British actor (born 1957)

Michael Starke (Michael Clarke) (born 13 November 1957) is a British actor and singer from Liverpool, England. He played Thomas 'Sinbad' Sweeney in Brookside, the Channel 4 soap opera, for sixteen years.

He then appeared in a Christmas 2000 episode of the BBC drama Casualty. In the episode, "A Turn of the Scrooge", broadcast on 16 December 2000, he played the part of Barry Dawson, a loner who is befriended by a widower neighbour (played by Kenneth Colley), following a rooftop accident with Christmas decorations.

Starke later appeared in the ITV drama The Royal as Kenneth Hopkirk, as policeman Arthur in the film The 51st State and as himself on Lily Savage's Blankety Blank. He is a patron of Zoe's Place Baby Hospice, a charity for sick babies and young children.

He appeared in the pantomime Cinderella in Southport over Christmas 2005 and in a pantomime of Aladdin during Christmas 2006 in York. He also appeared in the play No Holds Bard.

In March 2007, he joined the cast of Coronation Street as the patriarch of a new family, the Mortons, playing Jerry Morton, a single father who opens a kebab shop. He, along with the majority of the Morton family, left the show in September 2008.

His daughter, Hayley Hampson, appeared on the ITV show Grease Is the Word finishing in sixth place. His other daughter, Jamie, is an actress and appeared in an episode of The Royal.

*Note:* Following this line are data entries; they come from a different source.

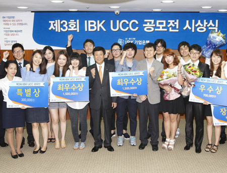 기업은행은 최우수상에 150만원, 우수상과 장려상에 각각 70만원과 50만원의 포상을 수여했으며, 수상자 전원에게는 청년인턴 채용시 서류전형 면제의 특전을 준다. 이번 공모전 수상작은 IBK기업은행 UCC공모전 홈페이지(ucc.ibk.co.kr)에서 확인할 수 있다.
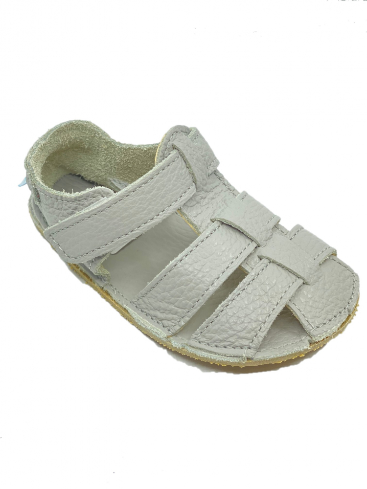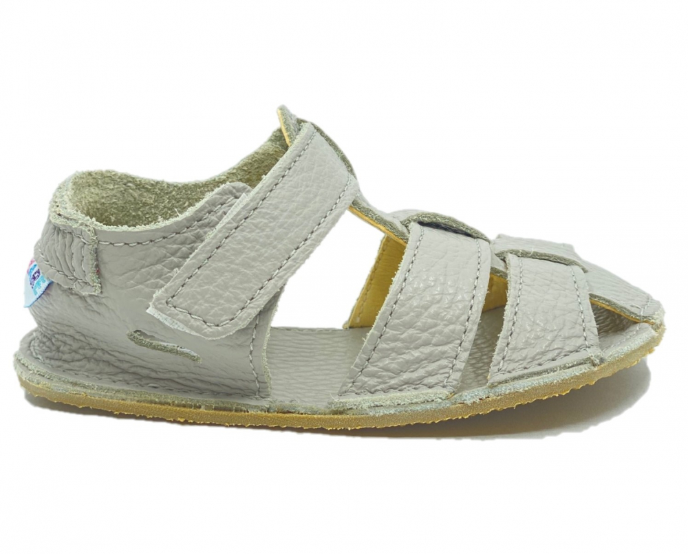 Barefoot sandále zo Slovenskej dielne značky Baby Bare. Sandálky majú prekrytú špičku, 3mm tenkú gumenú podrážku, pričom stielka aj zvršok sú vyrobené z kvalitnej kože. Sú naozaj ľahučké, bez spevnenej päty a ohybné priečne aj pozdĺžne. Anatomicky tvarovaná podrážka zabezpečuje dostatok miesta pre prsty a sú tiež vhodné pre dominantný palček. Vždy je potrebné sledovať, ako dieťatku sedia pri chôdzi. Sú vhodné na normálny a vyšší priehlavok. Značka sa vyznačuje jednoduchým, minimalistickým dizajnom, ktorý je ľahko kombinovateľný. Ide o sandálky, ktoré sa využívajú ako topánočky v lete, ale je možné ich nosiť celosezónne aj ako papučky. Sú vhodné pre prvochodcov a aj pre väčšie detičky.
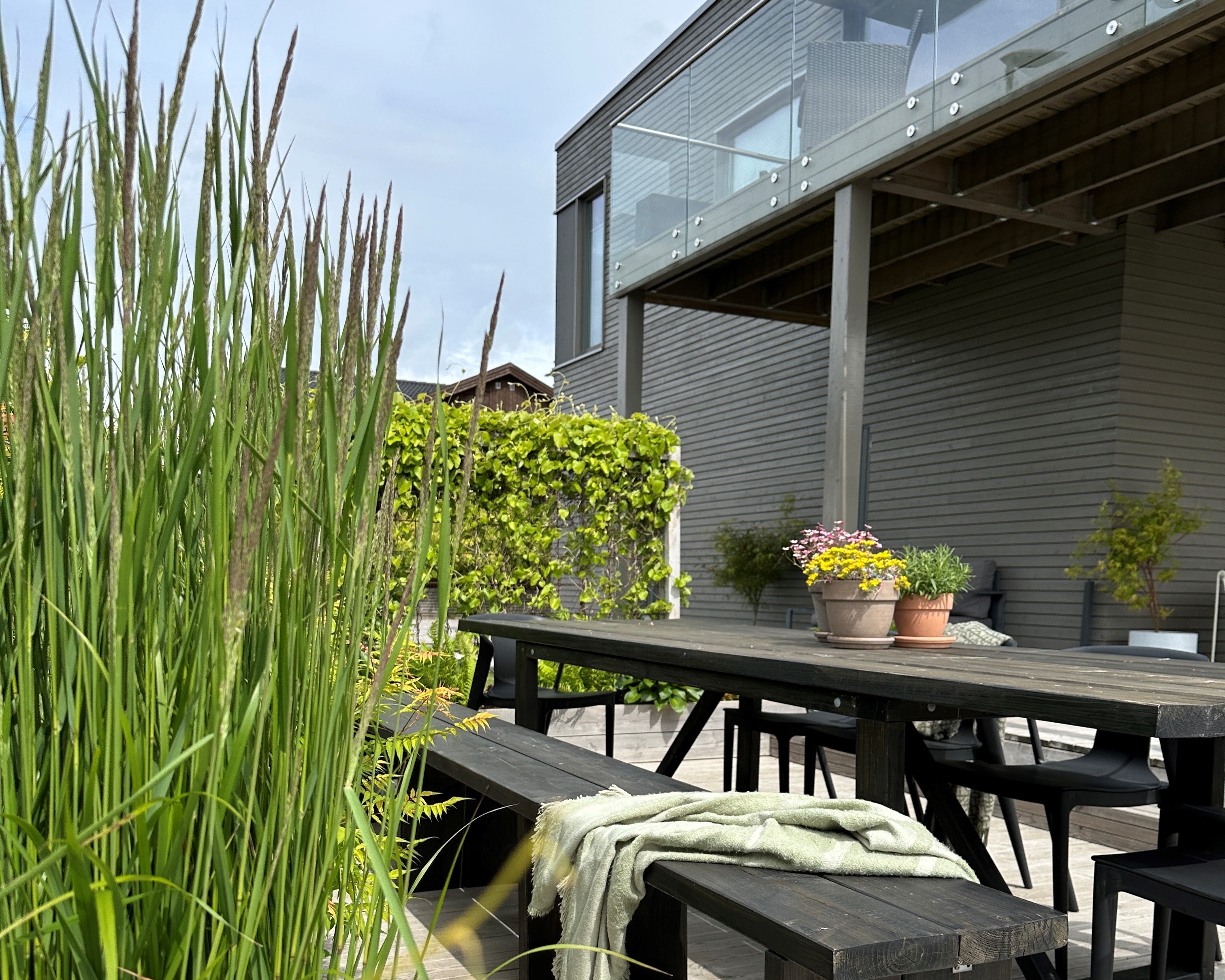 Det tok meg lang tid å bli overbevist om å bruke stoff som levegg, siden jeg helst vil holde alt naturlig. Men etter at vi fikk på plass en stofflevegg, ville jeg aldri vært foruten! Stoffleveggene gir fleksibilitet, de kan enkelt settes opp og tas ned, og de er perfekte for å skjerme mot vind eller innsyn.

In later years, he has starred in touring productions of musicals, including as Edna Turnblad in the first UK tour of Hairspray and originating the role of Monsignor Howard in the first UK tour of Sister Act the musical. He also made appearances in Anything Goes and Our Day Out.

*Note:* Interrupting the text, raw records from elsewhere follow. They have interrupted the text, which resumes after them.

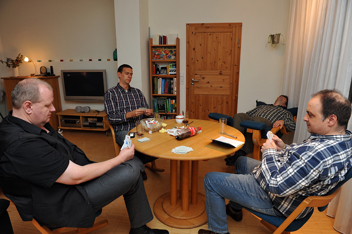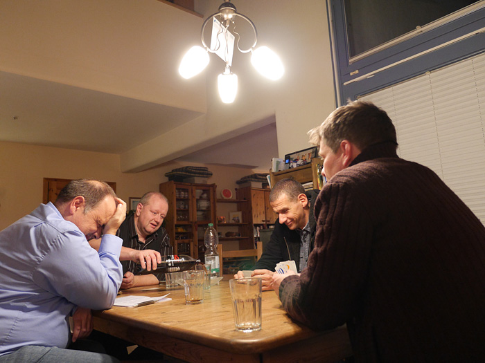 Punkte: Michael + 205, Bernd – 5, Thomas + 155, Henning + 275.
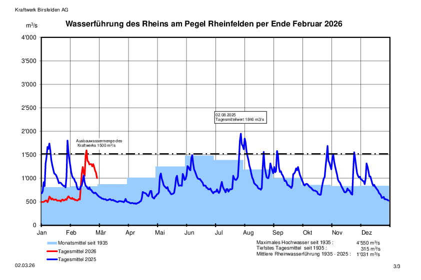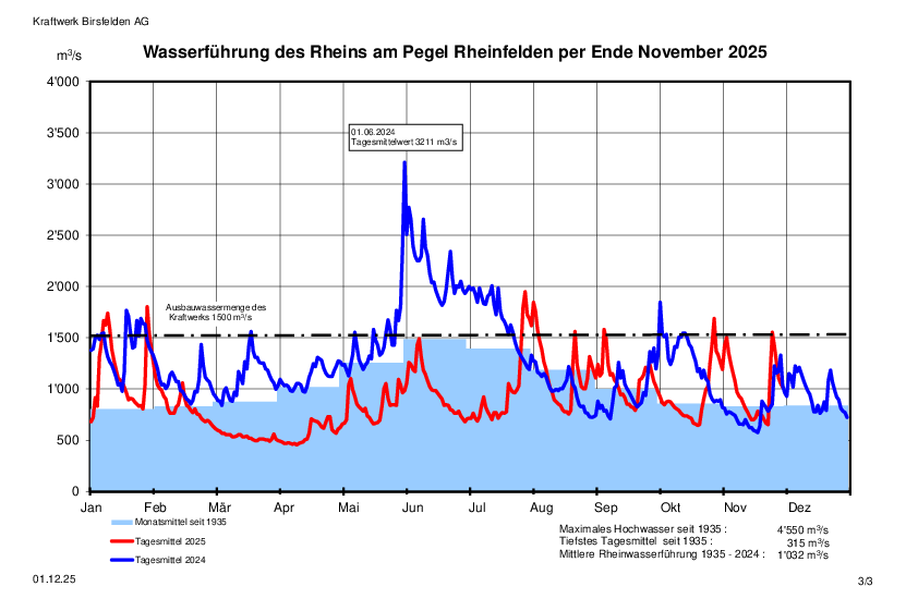 Wasserführung des Rheins 2025
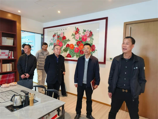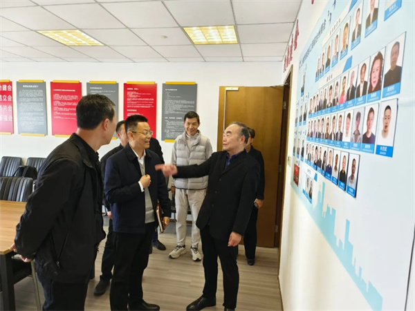 陈永波陪同区民政局一行参观商会文化展示区域。
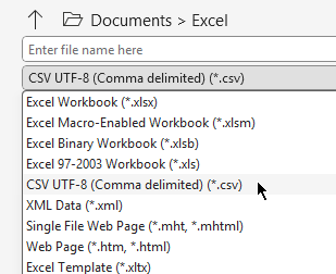 I've been trying to save a file on excel as a csv file, but whenever i click on save as, it does not give me an option on the type of file I want to save it as. How can i rectify this issues?

Starke appeared in the 2014 Kenneth Branagh directed action thriller film "Jack Ryan: Shadow Recruit". Later he played a guest role in the soap opera Doctors.

In 2017 he appeared at the Liverpool Playhouse in the musical "The Star". The next year Starke appeared in Benidorm and in the TV drama "Virtues". He also appeared in the Christmas 2018 episode of Casualty in the guest role of Joe Blake. Between 2021 and 2023, he appeared as a taxi driver in the Channel 4 soap opera Hollyoaks.

In 2025 he reprised his Hollyoaks role in a special crossover episode with Brookside, where it turned out that this and his Brookside characters were actually the same person.